Don't Bury Me Forever

A Memoir

by Prema Rachel


Formats

Softcover
$33.95
Softcover
$33.95

Book Details

Language :
Publication Date : 1/27/2009

Format : Softcover
Dimensions : 5x8
Page Count : 580
ISBN : 9781440112270

About the Book

This is a story about becoming one's self. It is about not taking the easy road, the road that is expected of us, the road our parents and our peers try to steer us down. Rather it is about searching for authenticity, that being we were born, the net sum of all our ancestors before us. It is a story of suffering, not the suffering of poverty, or war, or cruel parents. It is the suffering of not being allowed to be authentic. This is a story about learning to be what one is not, in order to survive, and then re-learning to be authentic.

Spanning over sixty years and two continents, we follow the story of a little boy, whose birth took over seventy two hours and was in the midst of a war. After spending four years in a children's nursing he is reclaimed by his mother, only to be sent to a boarding school. It is at the boarding school that he develops a severe stutter and to all intents and purposes becomes a mute for ten years. His school holidays are divided between his paternal grandparents and his mother and stepfather who manages large farming estates for wealthy lords. The little boy has a strong affinity for wild creatures that he finds in abundance on the farms.

The little boy grows up in constant conflict that leads to attempted suicide, bad choices, prisons, misery, hurt and pain not just for himself but for those around him, too.

The story runs parallel to the life of a woman and starts some fifty years after the birth of the little boy. This woman has experienced an awakening, thanks in large part to her pursuit of love. Her story starts with her lesbian friend Elsa. When Elsa decides to leave her after they had been together for three years, she heartbrokenly moves in with a couple, Richard and Lani. Her story becomes about overcoming jealousy, finding herself and finding a deeper meaning to love. She becomes a dominatrix for women. Some years later at the age of sixty two, she decides to travel alone through the America's with only a backpack and a wide openness to life and the world. Claiming to be ten years younger, her outrageous adventures take her to The Dominican Republic, The Caribbean, Jamaica, Costa Rica, a ranch in Colorado and an expensive home in New Jersey.


About the Author

This is not a pretty story, it is not a comfortable story, but it is a true story written in her own words, about a woman’s search to overcome prejudices and fear and to find love and her personal truth in a world of extremes. A story of rags and riches, intimacies, drugs, communal living, facing death, detention, prison, exotic travel, pollyamory, gender crossing, family, empathy, epiphanies, visions and ultimate forgiveness. A story of two conflicting and fear driven personalities and how one desperately attempts to eliminate the other, yet ultimately fails for lack of authenticity. Spanning two continents and over fifty years, this is a painful but often hilarious accounting of a wild and ultimately joyful ride of becoming true to oneself; of being born and reborn.
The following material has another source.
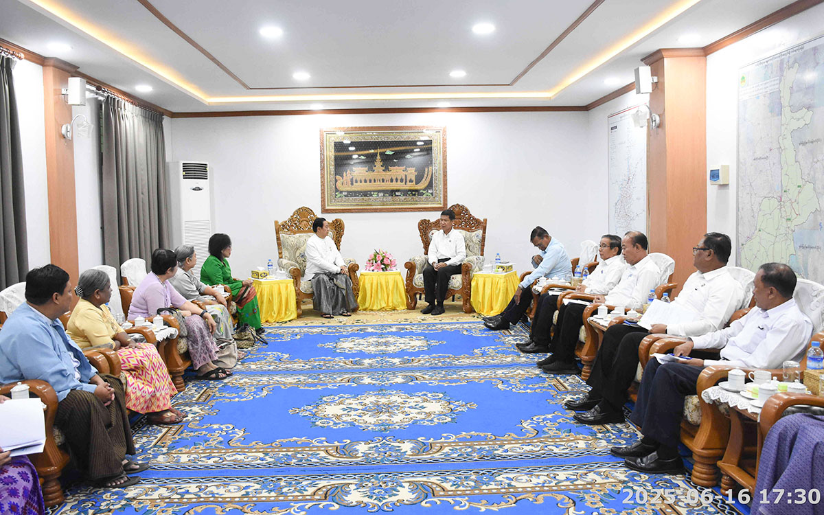 မန္တလေးတိုင်းဒေသကြီးအစိုးရအဖွဲ့ဝန်ကြီးချုပ် ဦးမျိုးအောင်သည် ဇွန်လ (၁၆) ရက်နေ့ ညနေပိုင်းက မြန်မာနိုင်ငံကြက်ခြေနီအသင်းဥက္ကဋ္ဌ ပါမောက္ခဒေါက်တာ မျိုးညွန့်နှင့် အဖွဲ့အား မန္တလေးတိုင်းဒေသကြီးအစိုးရအဖွဲ့ရုံး ဧည့်ခန်းမဆောင်တွင် လက်ခံတွေ့ဆုံခဲ့သည်။

This is a story that suggests that sinners can indeed become saints. That love truly is the path to happiness. That as we choose to regard life, so becomes our world, our reality. This is a story about finding the beginning. The author lives in Santa Cruz in a shared house overlooking Monterey Bay. She has been a speaker for Triangle Speakers, a program that serves the Santa Cruz community in helping to eliminate fear and prejudices against Gay, Lesbian, Bisexual, and Transgendered (GLBT) individuals, so that a healthy environment exists for everyone in her community. She is deeply committed to her spiritual path of unconditional love. Two of her favorite sayings are, "We love the person, but do not have to love their words or actions." . . . and "Who know's if it's good or bad?"